### What you have to do
Copy each line of the records exactly, stopping only after the line that contains "日常になじむ和の色と縁起のい" has been written, and leave pictures out.

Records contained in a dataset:
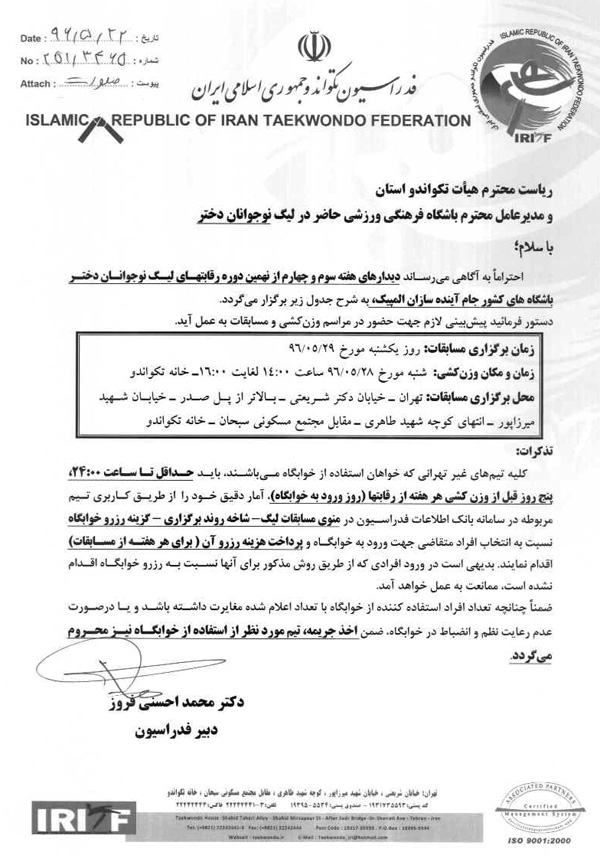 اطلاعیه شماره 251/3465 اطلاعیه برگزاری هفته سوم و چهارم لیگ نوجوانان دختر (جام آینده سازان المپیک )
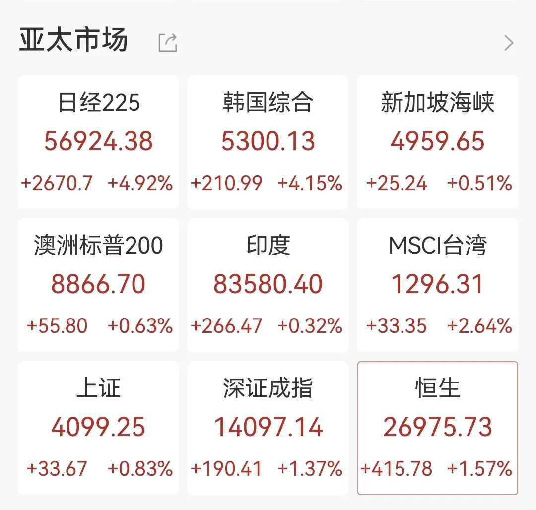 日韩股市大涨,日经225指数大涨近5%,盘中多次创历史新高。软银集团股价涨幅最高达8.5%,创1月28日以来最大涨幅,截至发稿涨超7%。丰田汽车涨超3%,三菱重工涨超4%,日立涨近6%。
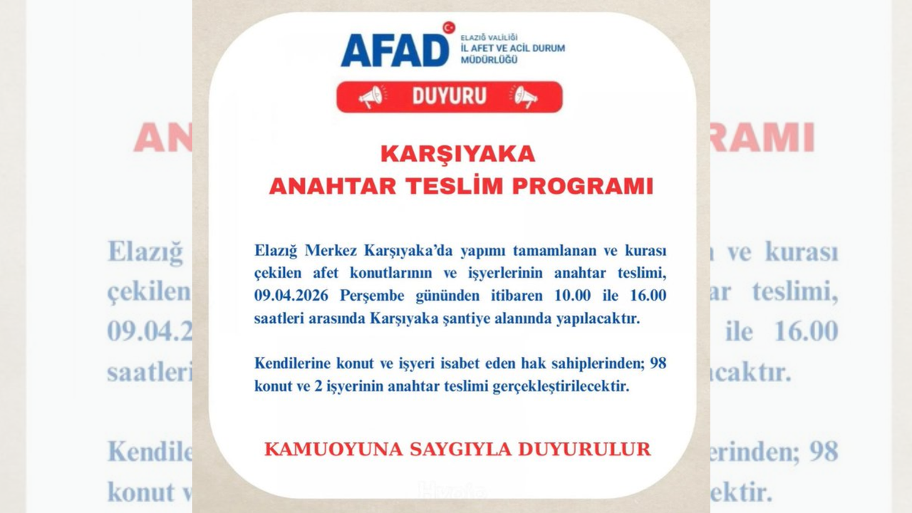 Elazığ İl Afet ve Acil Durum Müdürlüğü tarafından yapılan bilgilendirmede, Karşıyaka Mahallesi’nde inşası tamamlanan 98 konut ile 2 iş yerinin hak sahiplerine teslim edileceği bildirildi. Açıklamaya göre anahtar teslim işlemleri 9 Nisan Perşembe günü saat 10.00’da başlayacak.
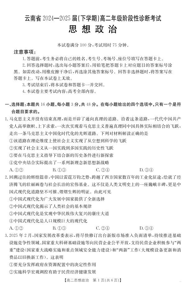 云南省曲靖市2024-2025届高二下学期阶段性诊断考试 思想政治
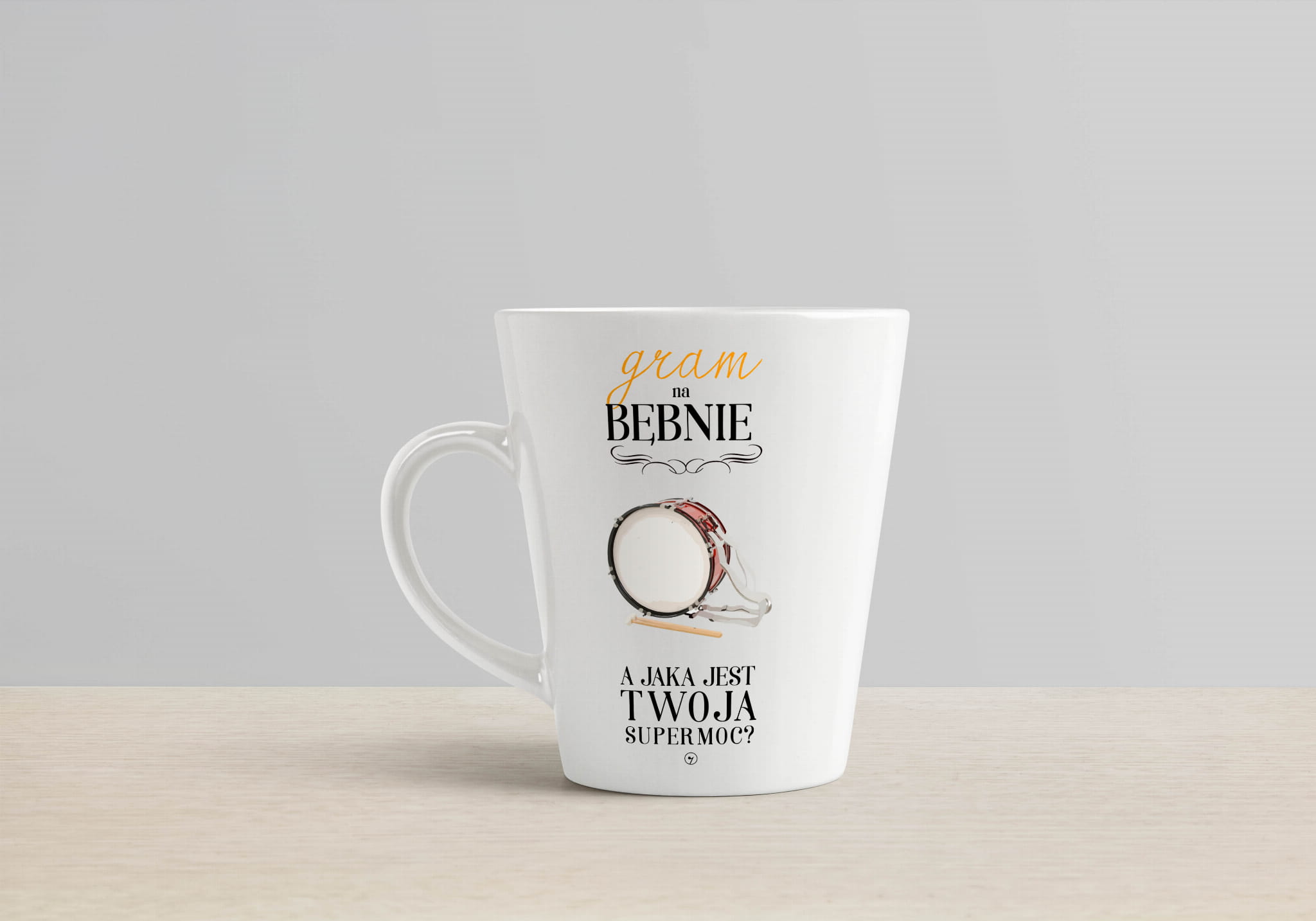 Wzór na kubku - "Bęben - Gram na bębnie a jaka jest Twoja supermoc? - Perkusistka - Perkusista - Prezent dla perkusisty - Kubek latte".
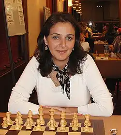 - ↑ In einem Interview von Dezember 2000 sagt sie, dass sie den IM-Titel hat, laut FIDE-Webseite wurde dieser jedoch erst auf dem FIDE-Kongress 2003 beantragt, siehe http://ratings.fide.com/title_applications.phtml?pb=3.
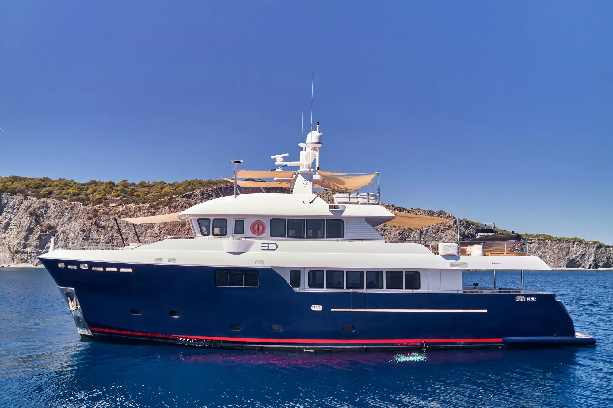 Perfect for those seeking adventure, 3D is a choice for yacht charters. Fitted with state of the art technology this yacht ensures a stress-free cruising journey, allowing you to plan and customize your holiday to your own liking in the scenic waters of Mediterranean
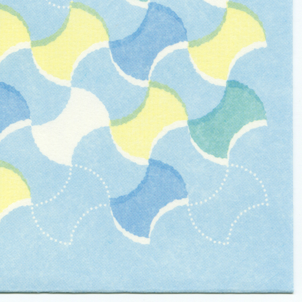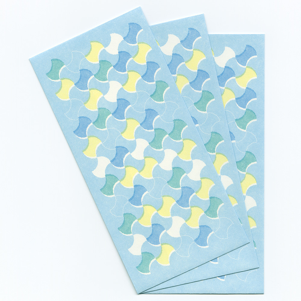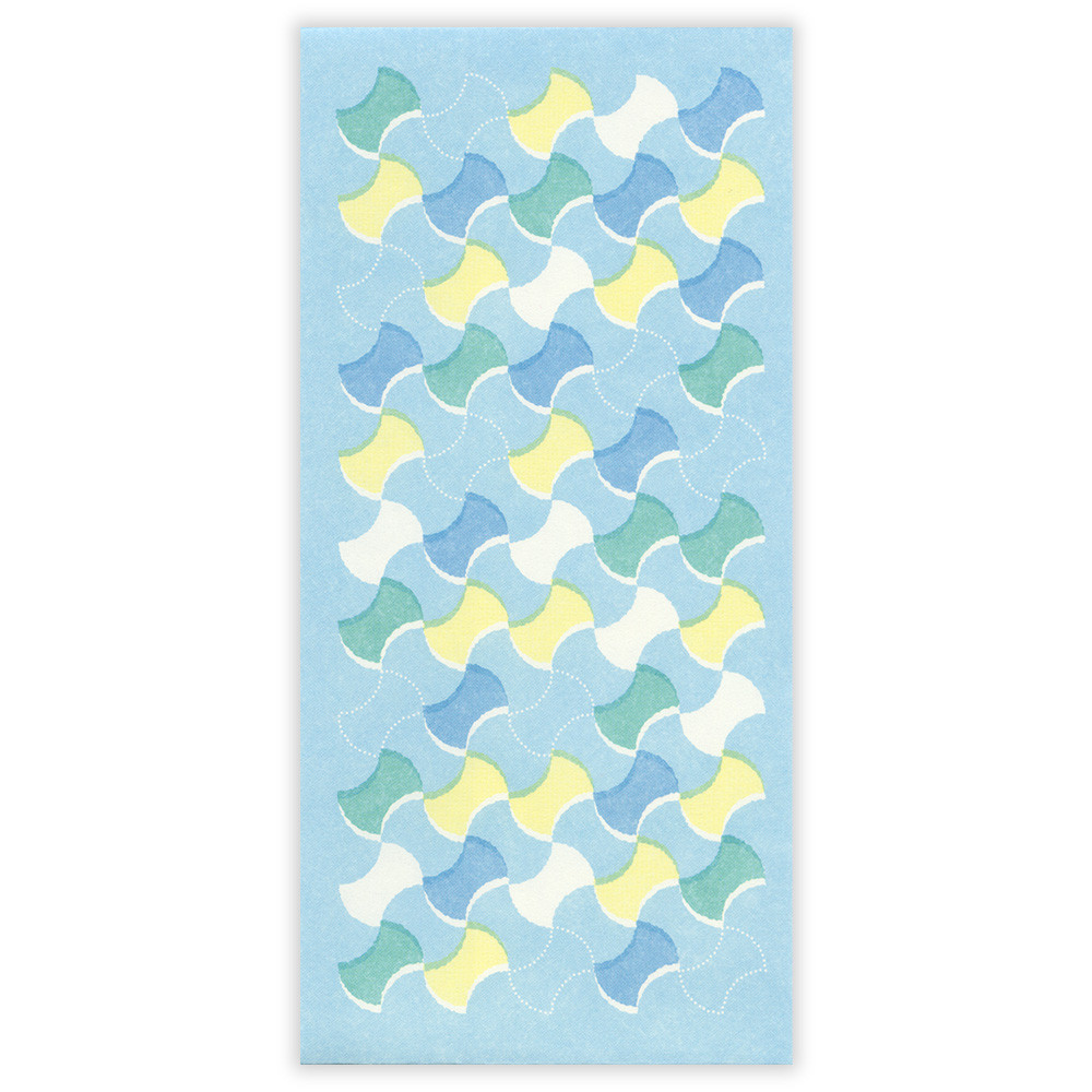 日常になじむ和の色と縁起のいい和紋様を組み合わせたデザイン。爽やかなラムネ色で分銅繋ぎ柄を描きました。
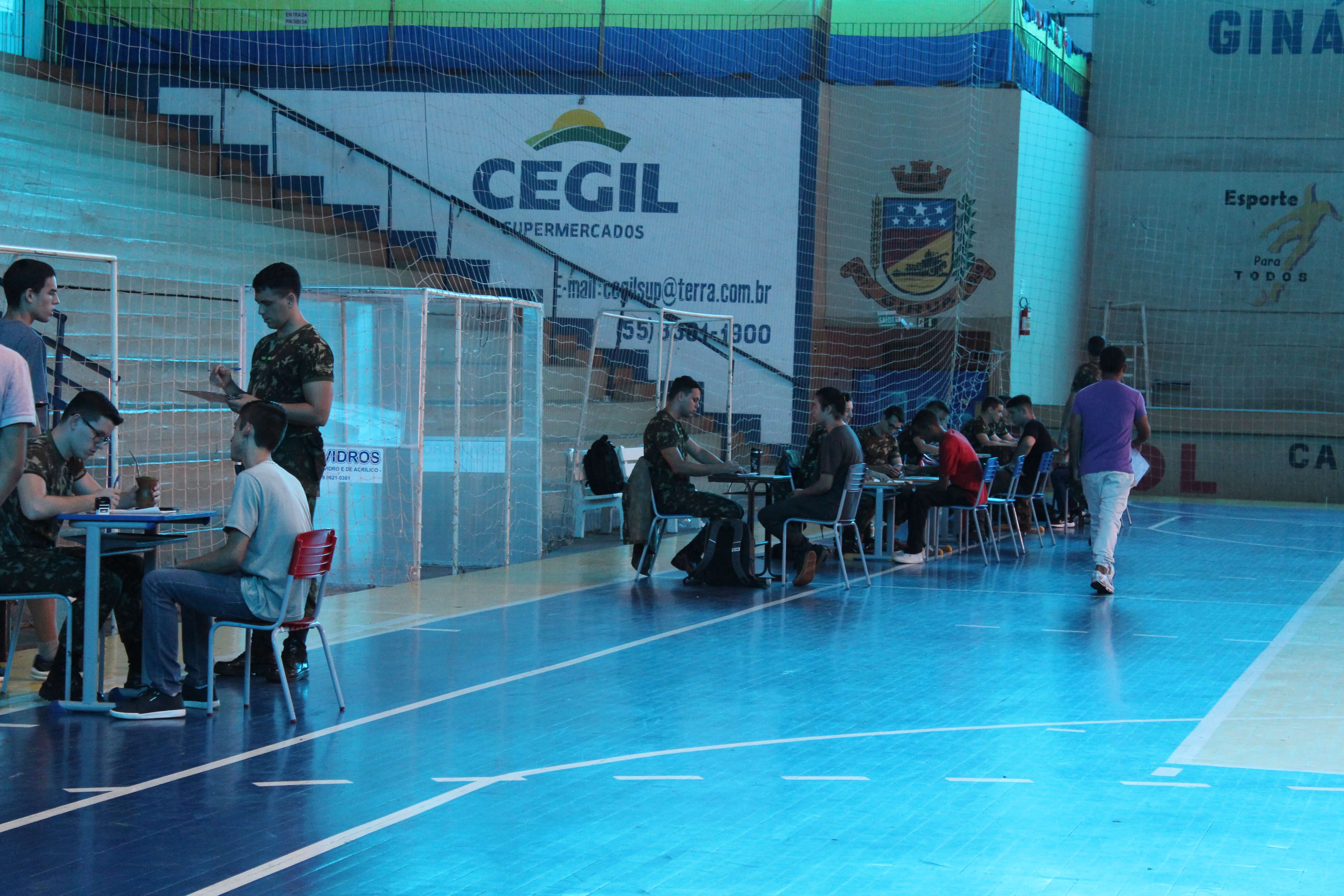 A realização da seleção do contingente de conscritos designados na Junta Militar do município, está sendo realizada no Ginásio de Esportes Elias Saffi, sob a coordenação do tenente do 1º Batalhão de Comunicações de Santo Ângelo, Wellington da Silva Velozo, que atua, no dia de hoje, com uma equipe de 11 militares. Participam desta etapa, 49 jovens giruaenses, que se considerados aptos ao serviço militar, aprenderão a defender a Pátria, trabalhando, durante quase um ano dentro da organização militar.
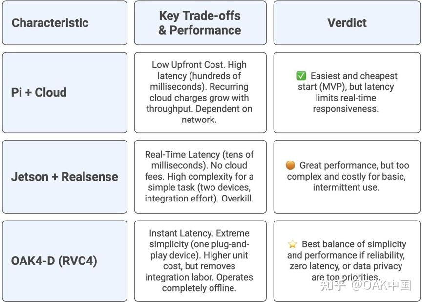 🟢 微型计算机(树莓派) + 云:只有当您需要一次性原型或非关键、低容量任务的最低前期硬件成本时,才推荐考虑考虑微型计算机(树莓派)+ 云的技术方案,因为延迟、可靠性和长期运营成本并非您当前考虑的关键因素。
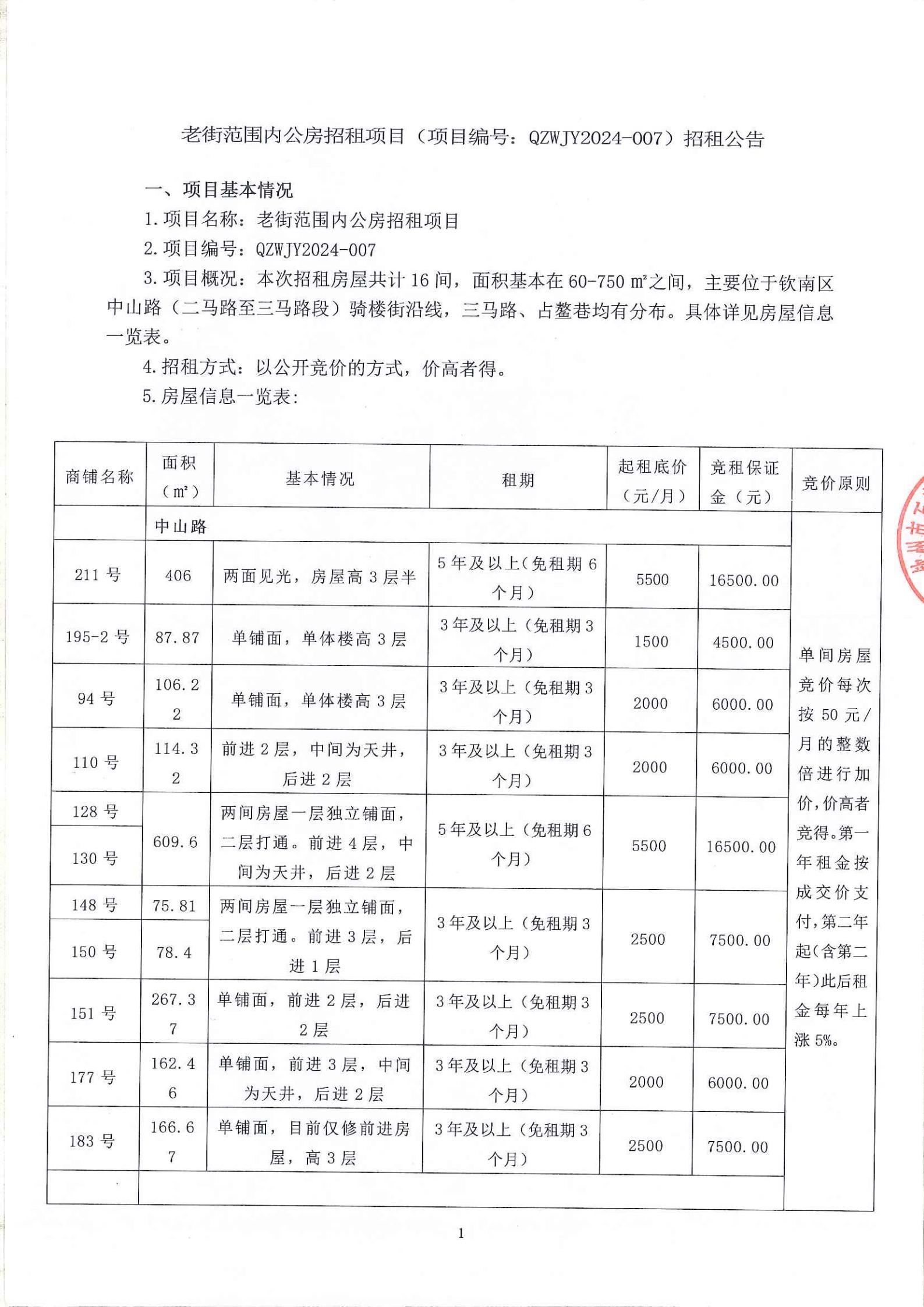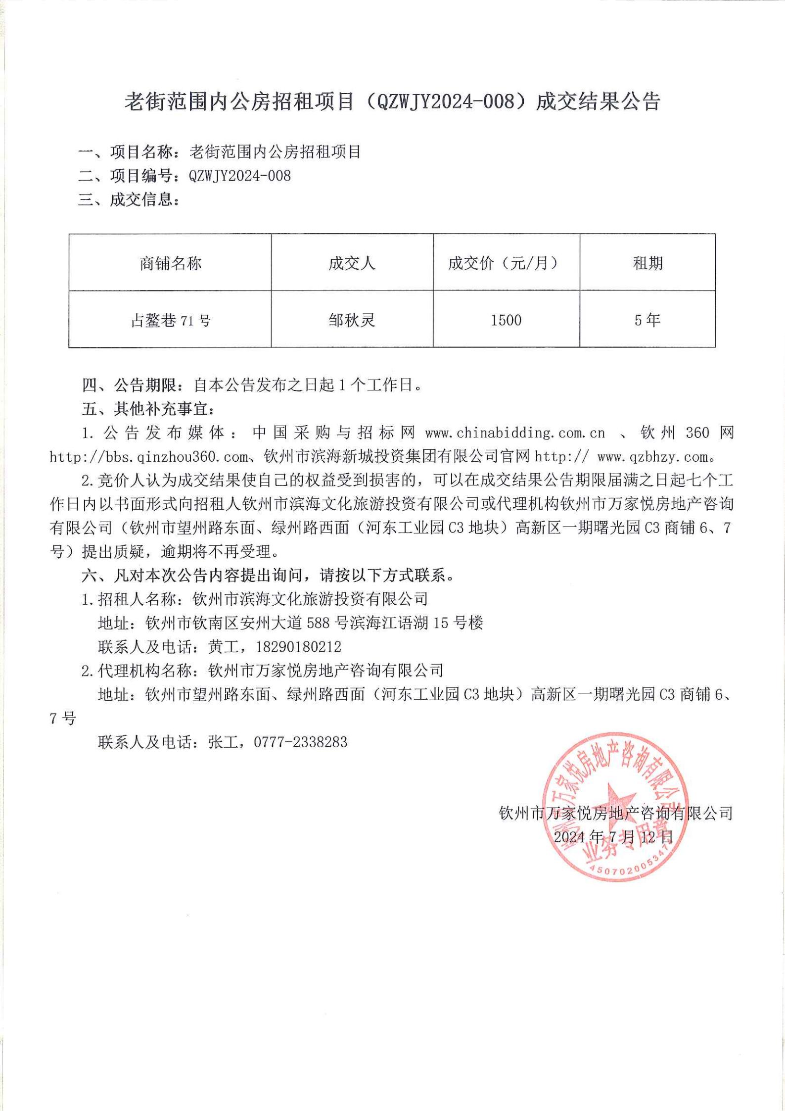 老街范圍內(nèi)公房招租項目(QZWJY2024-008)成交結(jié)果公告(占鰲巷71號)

### Solution to the exercise
 اطلاعیه شماره 251/3465 اطلاعیه برگزاری هفته سوم و چهارم لیگ نوجوانان دختر (جام آینده سازان المپیک )
 日韩股市大涨,日经225指数大涨近5%,盘中多次创历史新高。软银集团股价涨幅最高达8.5%,创1月28日以来最大涨幅,截至发稿涨超7%。丰田汽车涨超3%,三菱重工涨超4%,日立涨近6%。
 Elazığ İl Afet ve Acil Durum Müdürlüğü tarafından yapılan bilgilendirmede, Karşıyaka Mahallesi’nde inşası tamamlanan 98 konut ile 2 iş yerinin hak sahiplerine teslim edileceği bildirildi. Açıklamaya göre anahtar teslim işlemleri 9 Nisan Perşembe günü saat 10.00’da başlayacak.
 云南省曲靖市2024-2025届高二下学期阶段性诊断考试 思想政治
 Wzór na kubku - "Bęben - Gram na bębnie a jaka jest Twoja supermoc? - Perkusistka - Perkusista - Prezent dla perkusisty - Kubek latte".
 - ↑ In einem Interview von Dezember 2000 sagt sie, dass sie den IM-Titel hat, laut FIDE-Webseite wurde dieser jedoch erst auf dem FIDE-Kongress 2003 beantragt, siehe http://ratings.fide.com/title_applications.phtml?pb=3.
 Perfect for those seeking adventure, 3D is a choice for yacht charters. Fitted with state of the art technology this yacht ensures a stress-free cruising journey, allowing you to plan and customize your holiday to your own liking in the scenic waters of Mediterranean
 日常になじむ和の色と縁起のいい和紋様を組み合わせたデザイン。爽やかなラムネ色で分銅繋ぎ柄を描きました。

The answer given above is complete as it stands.